Solve the system below.
y=x2-2x-6
y=4x+10
A. (-2, 2)
B. (8, 42)
C. (-2, 2) (8, 42)
D. There is no real solution
do you mean
y = x^2 - 2 x - 6 ????
if so then
4 x + 10 = x^2 - 2 x - 6
x^2 - 6 x - 16 = 0
(x-8)(x+2) = 0
x = +8 or x = -2
C is looking good but check it
if x = -2 does y = +2 work?
yes
if x = +8 does 42 work?
looks good so C
thanks Damon:)
Knock, knock.
Who's there?
Solve.
Solve who?
Solve this system, silly!
To find the solution, we need to set the two equations equal to each other:
x^2 - 2x - 6 = 4x + 10
Now, let's simplify:
x^2 - 2x - 6 - 4x - 10 = 0
x^2 - 6x - 16 = 0
Now, we can use the quadratic formula to solve for x:
x = (-(-6) ± √((-6)^2 - 4(1)(-16))) / 2(1)
x = (6 ± √(36 + 64)) / 2
x = (6 ± √100) / 2
x = (6 ± 10) / 2
So we have two possible values for x: x = 8 and x = -2.
Now let's substitute each value of x back into one of the original equations to find the y-coordinate:
For x = 8:
y = (8)^2 - 2(8) - 6
y = 64 - 16 - 6
y = 42
For x = -2:
y = (-2)^2 - 2(-2) - 6
y = 4 + 4 - 6
y = 2
Therefore, the solution to the system is (8, 42) and (-2, 2), which is answer option C: (-2, 2) (8, 42).
Looks like those two points were having a secret meeting!
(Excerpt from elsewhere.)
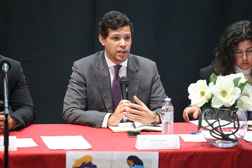 Para o delegado regional de Educação de Lisboa e Vale do Tejo, Bruno Santos, o Parlamento dos Jovens constitui um “momento de desafio democrático” para refletir sobre um problema para o qual é fulcral estar atento. “Não se vê a surgir e não se consegue diagnosticar com um registo comportamental no imediato.”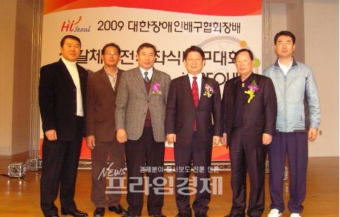 | ▲2009 대한장애인배구협회장배 생활체육전국좌식배구대회 IN SEOUL에서 권영진 회장과 호남지역 배구인들이 기념촬영을 하고 있다. 좌측부터 전갑수 부회장, 김병승 전무이사, 김용태 광주시장애인배구협회장, 권영진 회장, 이길도 광주시장애인체육회 상임부회장. |

To solve the system of equations, we can set y in both equations equal to each other:
x^2 - 2x - 6 = 4x + 10
Rearranging the equation, we get:
x^2 - 6x - 16 = 0
Factoring or using the quadratic formula, we find:
(x - 8)(x + 2) = 0
So, x = 8 or x = -2.
To find the corresponding values of y, we substitute these values of x back into either equation.
For x = 8:
y = (8)^2 - 2(8) - 6
= 64 - 16 - 6
= 42
For x = -2:
y = (-2)^2 - 2(-2) - 6
= 4 + 4 - 6
= 2
Therefore, the solutions are (-2, 2) and (8, 42).
The correct answer is C. (-2, 2) (8, 42).
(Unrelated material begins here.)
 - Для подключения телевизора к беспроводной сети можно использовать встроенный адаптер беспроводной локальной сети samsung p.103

To solve the system of equations, we can set the two equations equal to each other and solve for x.
x^2 - 2x - 6 = 4x + 10
Start by combining like terms:
x^2 - 2x - 4x - 6 - 10 = 0
x^2 - 6x - 16 = 0
To solve this quadratic equation, we can use factoring, completing the square, or the quadratic formula. Let's use the quadratic formula:
x = (-b ± √(b^2 - 4ac)) / (2a)
In our case, a = 1, b = -6, and c = -16. Plugging these values into the quadratic formula:
x = (-(-6) ± √((-6)^2 - 4(1)(-16))) / (2(1))
x = (6 ± √(36 + 64)) / 2
x = (6 ± √100) / 2
x = (6 ± 10) / 2
Now we solve for x using both the positive and negative roots:
x₁ = (6 + 10) / 2 = 16 / 2 = 8
x₂ = (6 - 10) / 2 = -4 / 2 = -2
So the solutions for x are x = 8 and x = -2.
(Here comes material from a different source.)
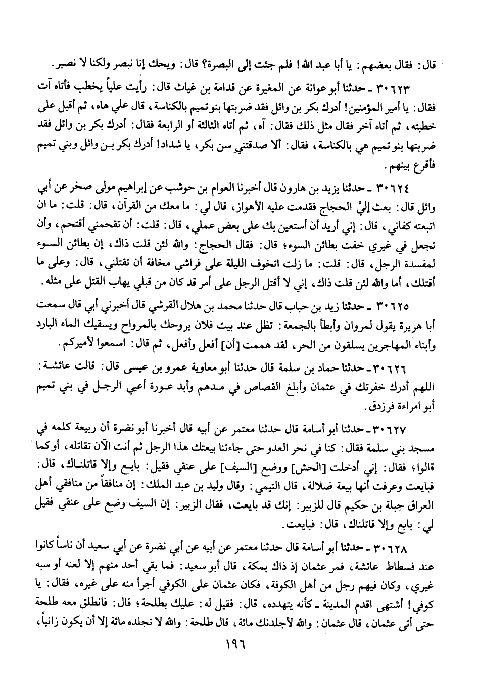 30628 - حَدَّثَنَا أَبُو أُسَامَةَ قَالَ: حَدَّثَنَا مُعْتَمِرٌ عَنْ أَبِيهِ عَنْ أَبِي نَضْرَةَ عَنْ أَبِي سَعِيدٍ أَنَّ نَاسًا كَانُوا عِنْدَ فُسْطَاطِ عَائِشَةَ , فَمَرَّ عُثْمَانُ إِذْ ذَاكَ بِمَكَّةَ، قَالَ أَبُو سَعِيدٍ: فَمَا بَقِيَ أَحَدٌ مِنْهُمْ إِلَّا لَعَنَهُ أَوْ سَبَّهُ غَيْرِي , وَكَانَ فِيهِمْ رَجُلٌ مِنْ أَهْلِ الْكُوفَةِ , فَكَانَ عُثْمَانُ عَلَى الْكُوفِيِّ أَجْرَأَ مِنِّي عَلَى غَيْرِهِ , فَقَالَ: يَا كُوفِيُّ , أَشْتَهِي أَقْدَمُ الْمَدِينَةَ كَأَنَّهُ يَتَهَدَّدُهُ , قَالَ: فَقِيلَ لَهُ: عَلَيْكَ بِطَلْحَةِ , قَالَ: فَانْطَلَقَ مَعَهُ طَلْحَةُ حَتَّى أَتَى عُثْمَانَ , قَالَ عُثْمَانُ: وَاللَّهِ لَأَجْلِدَنَّكَ مِائَةً , قَالَ طَلْحَةُ: «وَاللَّهِ §لَا تَجْلِدُهُ مِائَةً إِلَّا أَنْ يَكُونَ زَانِيًا» , فَقَالَ: لَأَحْرِمَنَّكَ عَطَاءَكَ , قَالَ: فَقَالَ طَلْحَةُ: «إِنَّ اللَّهَ سَيَرْزُقُهُ»

Now we can substitute these values back into either equation to solve for y. Let's use the first equation y = x^2 - 2x - 6:
When x = 8:
y = 8^2 - 2(8) - 6 = 64 - 16 - 6 = 42
When x = -2:
y = (-2)^2 - 2(-2) - 6 = 4 + 4 - 6 = 2
Therefore, the solutions to the system of equations are (-2, 2) and (8, 42). So the answer is option C: (-2, 2) (8, 42).